The DRS was last reviewed in 2016, which led to several amendments being implemented with effect from 30 July 2020 in the IRDA.
Set out below is a summary of the other proposed changes to the DRS which MinLaw is consulting on:
- Adding two new grounds of unsuitability for the DRS: Currently, the OA must report to the court on a debtor’s unsuitability for the DRS if any of the conditions set out in section 289(2) of the IRDA is satisfied. MinLaw intends to add two additional grounds of unsuitability:
- Debtor’s failure to pay preliminary fees: Under regulation 3 of the Insolvency, Restructuring and Dissolution (Official Assignee’s Fees) Regulations 2020, debtors who are referred by the court to the OA to be assessed for their suitability for the DRS must pay S$350 (for the OA’s preliminary administration) and S$250 (for the OA’s review of the debtor’s suitability for the DRS and the OA’s approval of the DRP) (collectively, “preliminary fees”). MinLaw intends to include the non-payment of such preliminary fees, by such time as may be specified by the OA, as an additional ground of unsuitability, so that debtors are placed on express notice that to qualify for the DRS, they must pay the preliminary fees, and to do so when directed by the OA.
- Debtor’s incurring of debts without any reasonable ground of expectation of being able to pay: MinLaw is proposing that the OA may find a debtor unsuitable for the DRS if the debtor, within 12 months before the making of a bankruptcy application, or after the making of the bankruptcy application but before the commencement of the DRS, incurs a debt provable in bankruptcy without any reasonable ground of expectation of repaying it. This proposal seeks to tackle a recent rise in cases where debtors take out loans from licensed moneylenders and financial institutions, shortly before self-petitioning for bankruptcy and thereafter being placed on the DRS, effectively avoiding full repayment through a “haircut” in the DRS while avoiding the stigma and restrictions of bankruptcy.

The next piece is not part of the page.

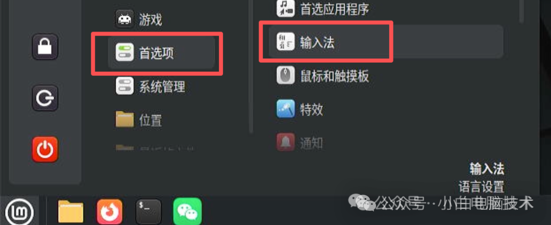 第一次进入需要调出中文输入法,点击开始菜单,找到【首选项】-【输入法】

- Adding one further ground of failure for the DRS: To address cases where the OA only becomes aware that a debtor had obtained credit with no reasonable ground of expectation of paying after the debtor had commenced his DRP, MinLaw proposes to include the incurring of such debts as an additional ground of failure under section 300(1) of the IRDA. This new ground will not apply to bankruptcy applications filed before the operative date of the amendment. The OA may issue a certificate of failure to a debtor who has commenced a DRP if any of the conditions set out in section 300(1) of the IRDA is satisfied.

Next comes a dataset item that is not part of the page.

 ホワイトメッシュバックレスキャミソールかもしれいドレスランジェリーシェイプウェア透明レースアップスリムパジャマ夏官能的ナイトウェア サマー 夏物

- Imposing a four-week deadline for creditors to file proofs of debt (“PDs”): MinLaw proposes to amend section 290(2) of the IRDA to state that the OA’s notice to creditors to file PDs will require creditors to file a PD within four weeks from the date of the OA’s notice. Creditors failing to meet the filing deadline may submit a request to the OA for an extension of time (“EOT”) to file their PDs under regulation 10(7) of the DRS Regulations. The creditor must satisfy the OA that there was a reasonable justification for failing to meet the deadline before an EOT is granted. If a creditor fails to file a PD within four weeks from the date of the OA’s notice without reasonable justification and the debtor is issued the Certificate of Completion, the debtor would be released from the debt in respect of that creditor under section 301(2) of the IRDA.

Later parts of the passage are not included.